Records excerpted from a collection
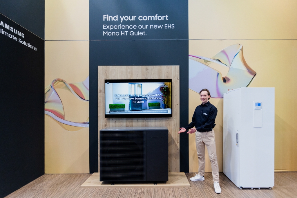 ▲삼성전자가 13일부터 17일(현지시간)까지 독일 프랑크푸르트에서 개최되는 냉·난방공조전시회 ‘ISH 2023(International trade fair for Sanitation, Heating and air)’에 처음으로 참가해 지속가능한 미래를 위한 공조 솔루션으로 유럽 공조시장을 적극 공략한다. 삼성전자 모델이 13일부터 17일(현지시간)까지 독일 프랑크푸르트에서 개최되는 냉·난방공조전시회 ‘ISH 2023’에서 고효율 냉난방 시스템인 히트펌프 EHS 신제품을 소개하고 있는 모습
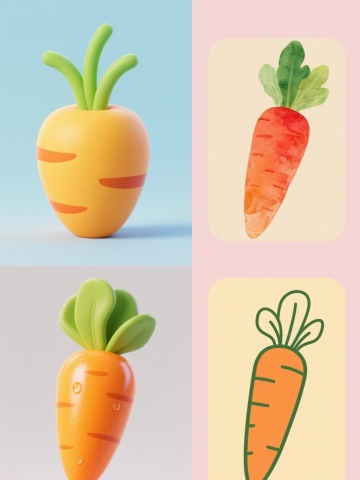 一组4个完全不同风格的胡萝卜系列素材集合,规整排布在纯色背景上。第一个胡萝卜为扁平卡通风格,造型圆润,身体呈橙黄色,带有深橙色条纹,绿色的叶子向上伸展,背景为浅蓝色;第二个胡萝卜是水彩手绘风格,造型自然,身体呈橙红色,带有水痕纹理,绿色叶子边缘模糊,背景为浅粉色;第三个胡萝卜是3D立体风格,造型逼真,身体呈橙黄色,表面有光泽和水滴,绿色叶子有层次感,背景为浅灰色;第四个胡萝卜是极简线条风格,造型简约,身体呈橙色,用线条勾勒轮廓,绿色叶子为线条组合,背景为浅黄色。所有胡萝卜均保持胡萝卜的基本元素内容,画面整体色彩变换,风格各异,整齐排列。
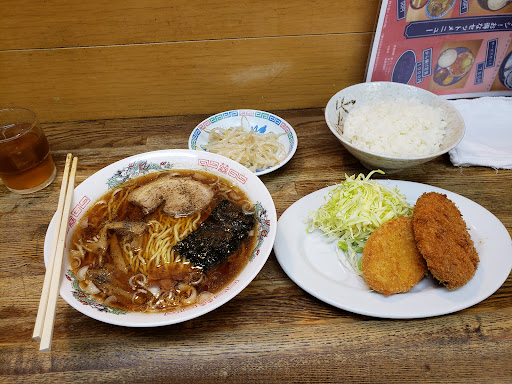 注文したのはメンコロセット750円。 ラーメンとメンチカツ・コロッケが各1個とライスと小皿のついたお得なセットです。 ラーメンは麺は細麺。具は海苔1枚、メンマ、チャーシュー1枚で、量も1人前あります。 薬味は玉ねぎではなく、長ネギなのですが、八王子ラーメンのような味のラーメンです。 スープのみ飲むと、節系の味が濃くなりました。 コロッケとメンチカツは、出来合いのものではなく、注文が入ってからお店で揚げてます。目だった美味しさはありませんが、サクサクの衣の食感があります。 ライスも丼飯です。 安くてボリュームのあるセットでした。
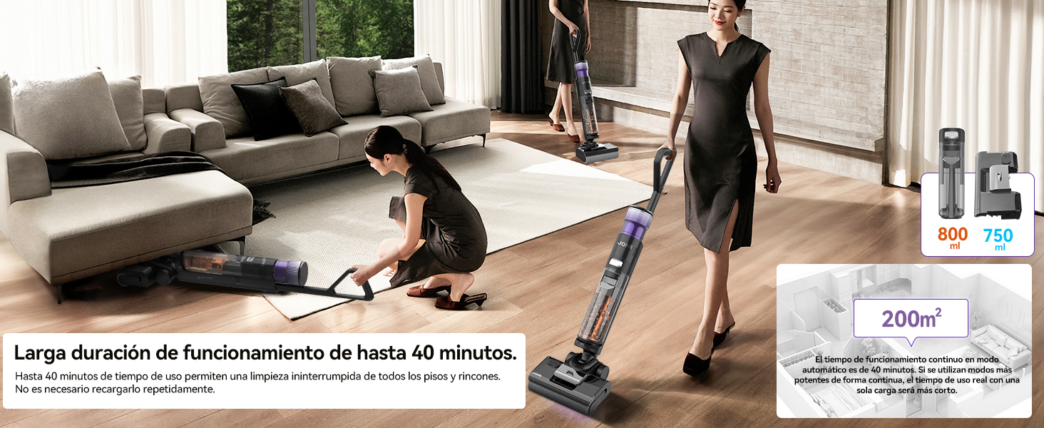 - Autonomía Ampliada: Batería 6×4.000 mAh ofrece 40 minutos de limpieza, manteniendo tu hogar impecable.
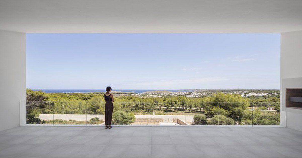 Brightly Lit Modern Terrace With A Woman Enjoying A Panoramic View Of Lush Coastal Scenery

- BRIEF:
Output the entries above exactly, without their pictures.

- TASK RESULT:
 ▲삼성전자가 13일부터 17일(현지시간)까지 독일 프랑크푸르트에서 개최되는 냉·난방공조전시회 ‘ISH 2023(International trade fair for Sanitation, Heating and air)’에 처음으로 참가해 지속가능한 미래를 위한 공조 솔루션으로 유럽 공조시장을 적극 공략한다. 삼성전자 모델이 13일부터 17일(현지시간)까지 독일 프랑크푸르트에서 개최되는 냉·난방공조전시회 ‘ISH 2023’에서 고효율 냉난방 시스템인 히트펌프 EHS 신제품을 소개하고 있는 모습
 一组4个完全不同风格的胡萝卜系列素材集合,规整排布在纯色背景上。第一个胡萝卜为扁平卡通风格,造型圆润,身体呈橙黄色,带有深橙色条纹,绿色的叶子向上伸展,背景为浅蓝色;第二个胡萝卜是水彩手绘风格,造型自然,身体呈橙红色,带有水痕纹理,绿色叶子边缘模糊,背景为浅粉色;第三个胡萝卜是3D立体风格,造型逼真,身体呈橙黄色,表面有光泽和水滴,绿色叶子有层次感,背景为浅灰色;第四个胡萝卜是极简线条风格,造型简约,身体呈橙色,用线条勾勒轮廓,绿色叶子为线条组合,背景为浅黄色。所有胡萝卜均保持胡萝卜的基本元素内容,画面整体色彩变换,风格各异,整齐排列。
 注文したのはメンコロセット750円。 ラーメンとメンチカツ・コロッケが各1個とライスと小皿のついたお得なセットです。 ラーメンは麺は細麺。具は海苔1枚、メンマ、チャーシュー1枚で、量も1人前あります。 薬味は玉ねぎではなく、長ネギなのですが、八王子ラーメンのような味のラーメンです。 スープのみ飲むと、節系の味が濃くなりました。 コロッケとメンチカツは、出来合いのものではなく、注文が入ってからお店で揚げてます。目だった美味しさはありませんが、サクサクの衣の食感があります。 ライスも丼飯です。 安くてボリュームのあるセットでした。
 - Autonomía Ampliada: Batería 6×4.000 mAh ofrece 40 minutos de limpieza, manteniendo tu hogar impecable.
 Brightly Lit Modern Terrace With A Woman Enjoying A Panoramic View Of Lush Coastal Scenery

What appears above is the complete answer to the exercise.